The aim of this study was to develop an enzyme friendly PEG‐DA based hydrogel for extrusion‐based bioprinting. The material should be able to permanently entrap enzymes and to be extrusion printed into defined structures, which last long enough to be hardened by UV light in their original form. Within this respect, different additives with defined particle size or molecular weight were tested. The additives were selected based on their properties but also with consideration to their availability in bulk quantities. Three different types of possible additives were used, with two examples of clays and one polysaccharide.

3.1. Rheology

Rheological measurements were done to analyze the shear forces that occur during 3D‐printing through an extrusion‐based printing nozzle. For an optimal extrusion process in a 3D‐printer, shear‐thinning bioinks are used. One factor that is especially important for the extrusion process is the behavior at low shear rates, which determines the flow of the hydrogel mixture in the printhead at the start of the printing process. In this initial phase, it is desirable that high shear forces are required to move the fluid, as this avoids dripping when the printhead is not used. In contrast, at higher shear rates facilitated flow for a continuous extrusion of material is favorable to prevent mechanical damage to the biological components and to enable uniform deposition of the material. Figure 1 shows rheological data of hydrogels with three different concentrations for each additive material. The identified suitable concentrations represent the range of the lower viscosity limit for printing, the range of good printing fidelity and the limit at which the high viscosity of the bioink tends to clog the printing nozzle.

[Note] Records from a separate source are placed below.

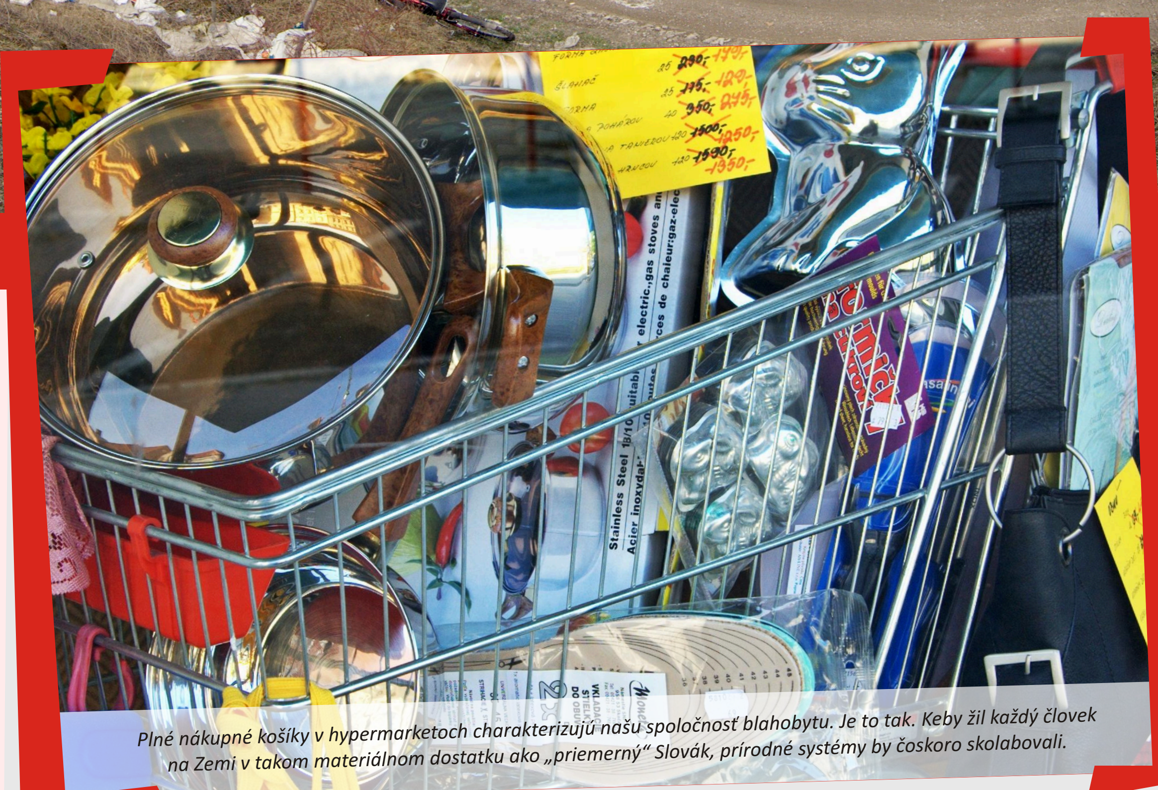
Plné nákupné košíky v hypermarketoch charakterizujú našu spoločnosť blahobytu. Je to tak. Keby žil každý človek na Zemi v takom materiálnom dostatku ako „priemerný“ Slovak, prírodné systémy by čoskoro skolabovali.
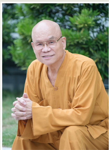
NO.7 高市議壇第七期 / 議員講堂

根據媒體報導校園中流行的是「K菸」，K菸不像搖頭丸或安非他命那麼興奮，但吸久了就像香菸一樣還是會上癮，由於其成本便宜，售價低廉就連學生也負擔得起，因此K他命才會這麼氾濫。曾議員認為市府防制毒品不僅是警察局、教育局的責任，更應聯合衛生局等其他單位，針對已經吸毒的學生進行輔導與治療，另外也應往上追出藥頭，把這些提供毒品的集團，幕後黑手找出來、取締。他也提到要有長期作戰的心理準備，否則在青少年養成濫用藥物的習慣，成年後恐將會製造更多危害社會的事端，讓國家社會付出慘痛代價。
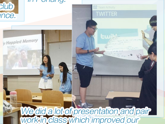
We did a lot of presentation and pair work in class which improved our confidence and cooperation skills.
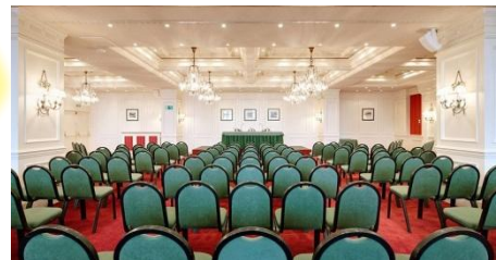
Un (01) Taller de Formalización de Acuerdos y Compromisos PPR
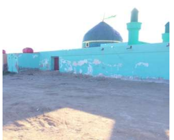
( الشكل ٥ )
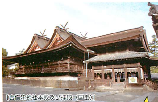
〔吉備津神社本殿及び拝殿（国宝）〕

簡単な動作をゆっくりと踊ることに特徴があり、優美な中に厳格さを感じさせる踊りとなっています。
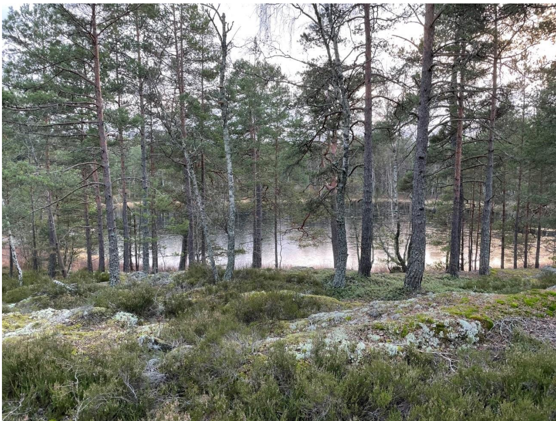
Bild 1. Hällmarker vid Krokträskan

På sluttningar och i dalar finns såväl äldre blandskog med inslag av ek, lind och andra lövträd, som lövriska bryn och sumpskogar. I buskskiktet finner man hasselbuketter och skogsolvon. Danmarks ängar slås varje år. Där finns även noteringar om förekomst av smalvingad blomböck, en rödlistad skalbagge som är beroende av fuktig ängsmark. 2008 brann ett område mellan Krokträskan och Danmarks ängar. Det har gjort området till en värdefull miljö för arter som bara lever i bränd och död ved eller blottad jord eller sand.
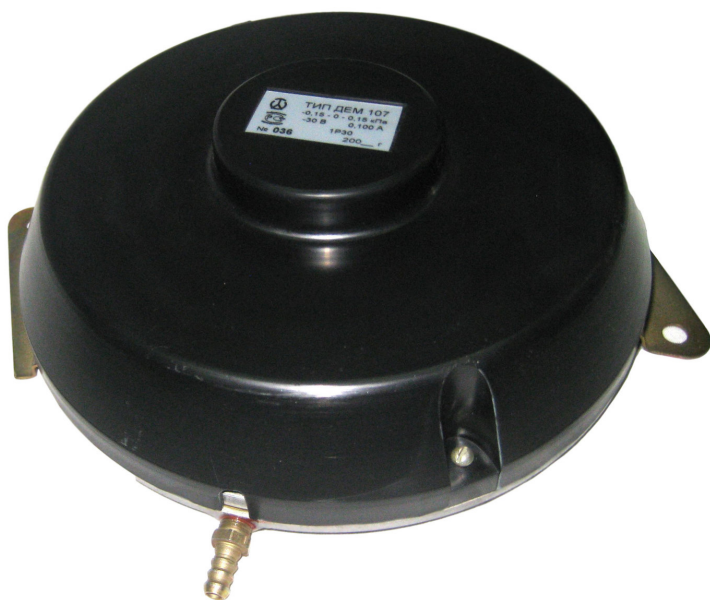
Датчик-реле напора и тяги ДЕМ-107

Алматы (7273)495-231 Ангарск (3955)60-70-56 Архангельск (8182)63-90-72 Астрахань (8512)99-46-04 Барнаул (3852)73-04-60 Белгород (4722)40-23-64 Благовещенск (4162)22-76-07 Брянск (4832)59-03-52 Владивосток (423)249-28-31 Владикавказ (8672)28-90-48 Владимир (4922)49-43-18 Волгоград (844)278-03-48 Вологда (8172)26-41-59 Воронеж (473)204-51-73 Екатеринбург (343)384-55-89
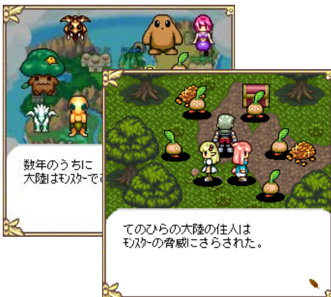
▲ファンタジー世界での冒険生活が始まる

冒険者となったプレイヤーは、大陸の各街にある「冒険者協会」で、困っている人々を助ける「クエスト」を受け、クリアしていくことでレベルを上げ、活動できるエリア、フィールドを広げていきます。また、モンスター達と戦う「狩り」や、各地に埋もれた素材を発掘する「採取」、集めた素材で強力な武器や防具等のアイテム作成、作ったアイテムを「マイショップ」で売る(※10月下旬以降配信予定)等、様々な楽しみ方が可能です。
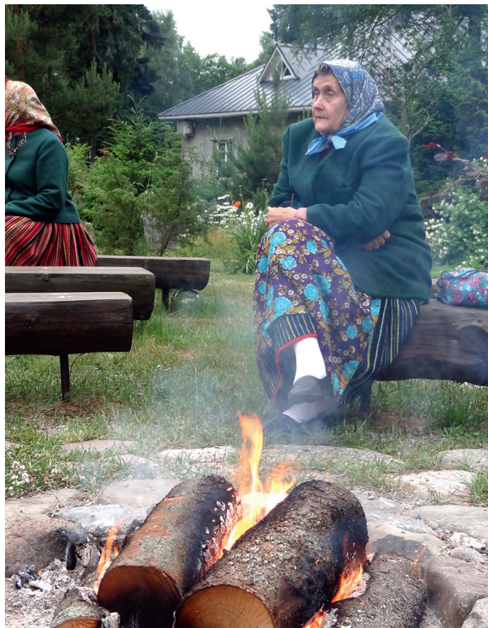
Foto jutuveestmisest Aegna saarel 2013. aastal.

Tähaks teada, kes oli see tark inimene, kes tuli mõttele Järsumäe perebänd teha. Ma teadsin, et Reena ja Raina on juba lapsest saadik muusikaalised ja perebänd tõi neile suure elumuutuse ja nüüd puhkesid kaunimad õied õitsemale. Koos oma pere bändiga sai ta esitada seda loomingut ja laule, mida oli kandnud terve elu.
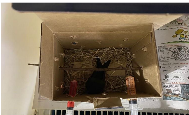
(49021) -Beija flor
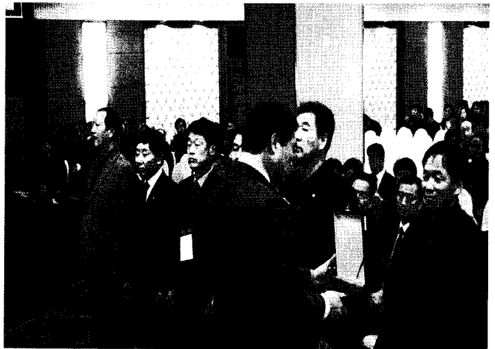
▲ 본협 제 15대 前 임원 재직기념패 전달
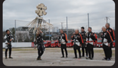
きやり・まとい振り(市川とび職組合)
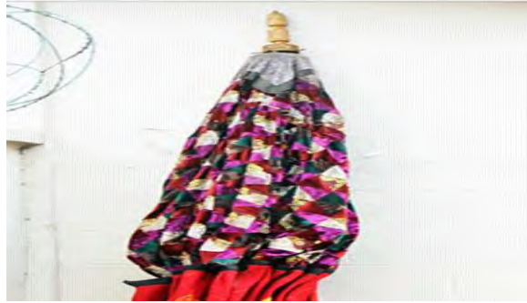
Mfonin 7: Prekesse

Mede saa abebudee yi hyee ‘SPEAKING’ mu na edaa adi se Akanman mu no ohene a ode saa adwinnee yi bedi dwuma no na ne botae ne se obiara behunu mfasoo a ewo ne ho ne atenka a amanfooo no bete.
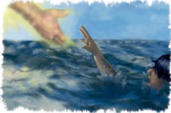
நீங்கள் பாவத்தில் முழுகிக்கொண்டிருக்கிறீர்களா? இயேசுவை அழைப்பீர்களானால் அவர் உங்களை மீட்டார்.

“இலவசமாய் அவருடைய கிருபையினாலே கிறிஸ்து இயேசுவின் மீட்பைக்கொண்டு நீதிமான்களாக்கப்படுகிறார்கள்”—ரோமர் 3:24; “மனுஷன் நியாயப்பிரமாணத்தின் கிரியைகளில்லாமல் விசுவாசத்தினாலேயே நீதிமானாக்கப்படுகிறான்”—ரோமர் 3:28.
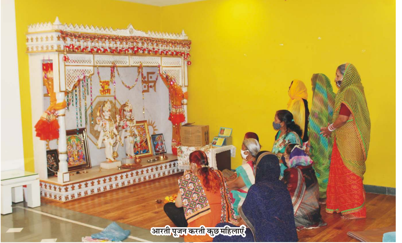
आरती पूजन करती कुछ महिलाएँ

हर वर्ष की भांति तारा संस्थान के आनन्द वृद्धाश्रमों में समस्त वासियों ने दीपावली का पर्व हर्षोल्लास के साथ मनाया। हालांकि कोरोना प्रकोप के कारण जोश की थोड़ी कमी नजर आई फिर भी आवश्यक सावधानियाँ रखते हुए समस्त बुजुर्गों ने किसी प्रकार की कमी नहीं रखी। देखिए बीते माह दीपावली उत्सव के कुछ चित्र।
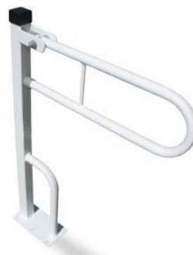
Fotografia 15. Uchwyty łazienkowe c.d.
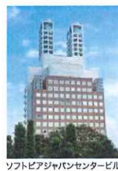
ソフトピアジャパンセンタービル
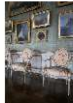
AnsRes.II, Galerie (R. 26), DI013350, BSV-
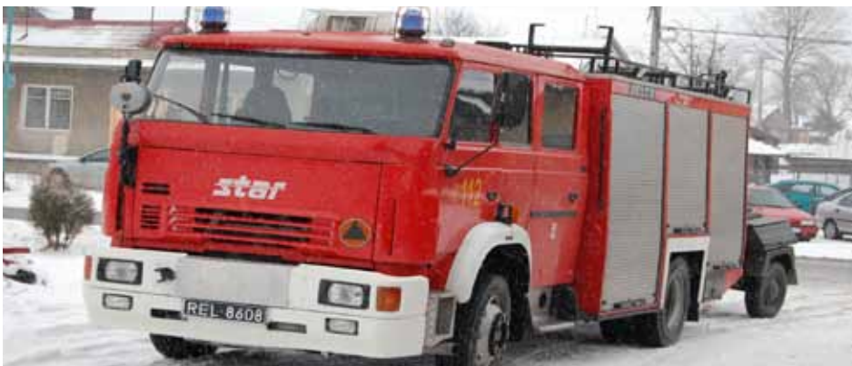
Jelcz/Star - 200
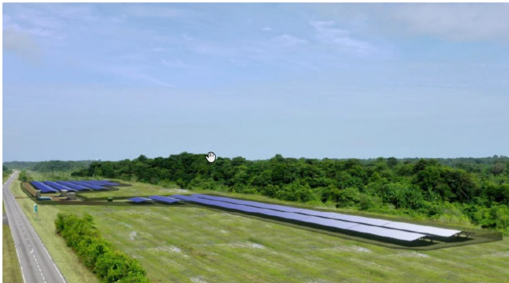
Figure 4 : Situation du projet par rapport à la route de l'espace

Le paysage présentant actuellement dans ce secteur une ambiance savanicole et forestière va être modifié par les aménagements et constructions liés au projet, et l'installation du parc à proximité immédiate de la route. La zone étant dépourvue d'habitation, la gêne visuelle occasionnée est limitée, du fait également de la présence de masques de végétation entre la route et le projet. Mais il subsiste des points de visibilité du projet depuis la route de l'espace, ainsi que depuis le bâtiment EPCU S5 situé de l'autre côté de la route.
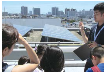
屋上にある太陽光パネル

Flow curves of PEG‐DA hydrogel mixtures with different additives to modify the rheological behavior (DXG (A, B), BMA (C, D), LRD (E, F)). All material compositions are shown with three different percentages of additives: the lower value is a composition that is 3D‐printable, but that tends to drip during the printing process, the middle is for optimal printing results, and the high value results in a highly viscous material, which tends to clog the printhead.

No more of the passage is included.